六月初二,安國公府六十壽辰,冠蓋云集,賓客盈門。
朱漆大門洞開,門前車水馬龍,皆是京城有頭有臉的勛貴官宦。府內張燈結彩,戲臺高搭,觥籌交錯間,一派富貴雍容、熱鬧非凡的景象。
楚晚棠隨著母親江柳煙下了馬車,立在府門前,看著那熟悉的匾額,心中不免有些忐忑。她今日穿了身湖水綠繡折枝玉蘭的襦裙,臂間挽著月白披帛,妝容清淡,卻難掩天生麗質,只是臉色仍比往日略顯蒼白,平添了幾分我見猶憐的脆弱。
剛踏上臺階,早有得了消息的安國公世子夫人、蕭翊的舅母林氏笑著迎了出來。林氏性子爽利,剛看到楚晚棠便親熱地拉住她的手,上下打量,眼中滿是真切的心疼與歡喜:“好孩子,可算是來了!前些日子聽說你受了傷,可把舅母擔心壞了。老太爺昨兒還念叨,怕你身子不爽利來不了,正遺憾著呢!快隨舅母進去,你外祖父和外祖母見了你,定要高興壞了。”

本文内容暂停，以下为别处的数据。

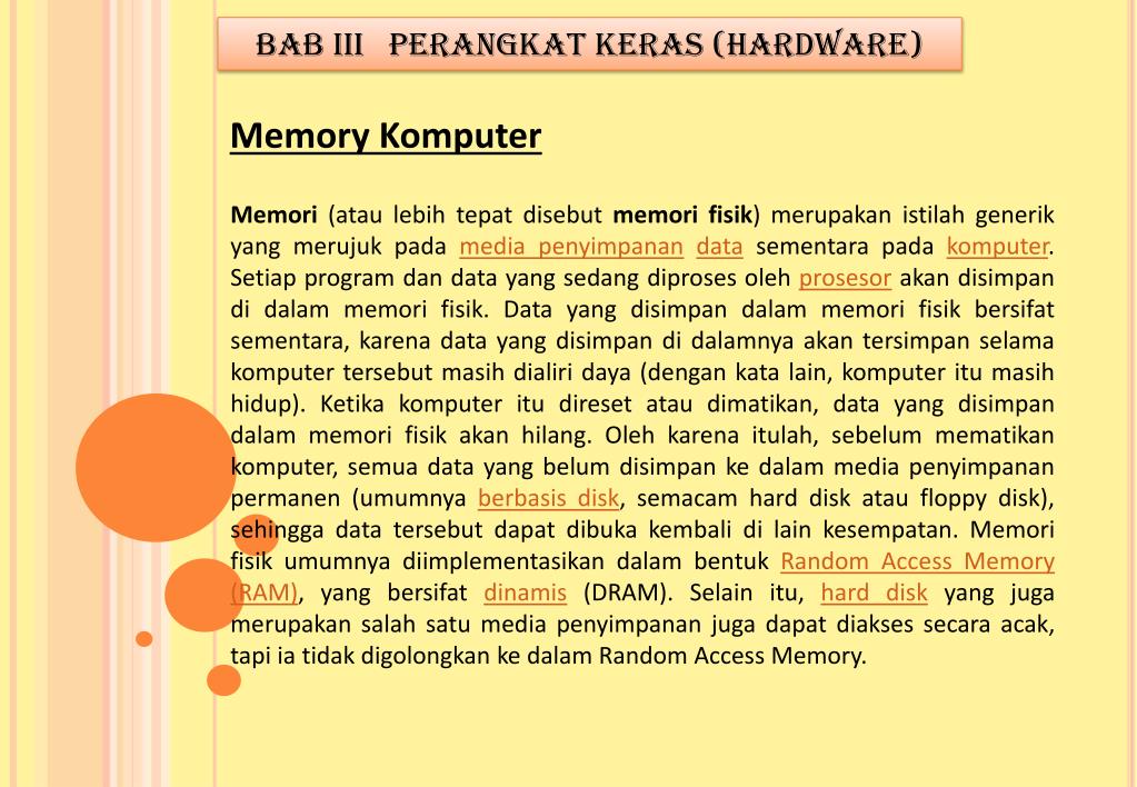 BAB III PERANGKAT KERAS (HARDWARE) Memory Komputer Memori (ataulebihtepatdisebutmemorifisik) merupakanistilahgenerik yang merujukpadamedia penyimpanandatasementarapadakomputer. Setiap program dan data yang sedangdiprosesolehprosesorakandisimpandidalammemorifisik. Data yang disimpandalammemorifisikbersifatsementara, karena data yang disimpandidalamnyaakantersimpanselamakomputertersebutmasihdialiridaya (dengankata lain, komputeritumasihhidup). Ketikakomputeritudiresetataudimatikan, data yang disimpandalammemorifisikakanhilang. Olehkarenaitulah, sebelummematikankomputer, semua data yang belumdisimpankedalam media penyimpananpermanen (umumnyaberbasis disk, semacam hard disk atau floppy disk), sehingga data tersebutdapatdibukakembalidi lain kesempatan. MemorifisikumumnyadiimplementasikandalambentukRandom Access Memory (RAM), yang bersifatdinamis (DRAM). Selainitu, hard disk yang jugamerupakansalahsatu media penyimpananjugadapatdiaksessecaraacak, tapiiatidakdigolongkankedalam Random Access Memory.

林氏的熱情驅散了些許楚晚棠心頭的緊張,她柔順地行禮:“勞舅母掛心,晚棠已無大礙了。”
一行人穿過庭院,步入正廳。廳內賓客如云,目光或明或暗地匯聚過來
安國公沈老大人身著絳紫色壽字紋常服,精神矍鑠,與同樣雍容華貴的沈老夫人正坐在主位,接受著眾人的祝賀。
“外祖父,外祖母。”楚晚棠上前,規規矩矩地行了大禮,聲音清越動聽,“晚棠恭祝外祖父福如東海,壽比南山。”
“哎喲,是婠婠來了!”沈老夫人見到她,臉上的笑容頓時深了幾分,忙不迭地招手,“快起來,到外祖母這兒來,讓外祖母好好瞧瞧。”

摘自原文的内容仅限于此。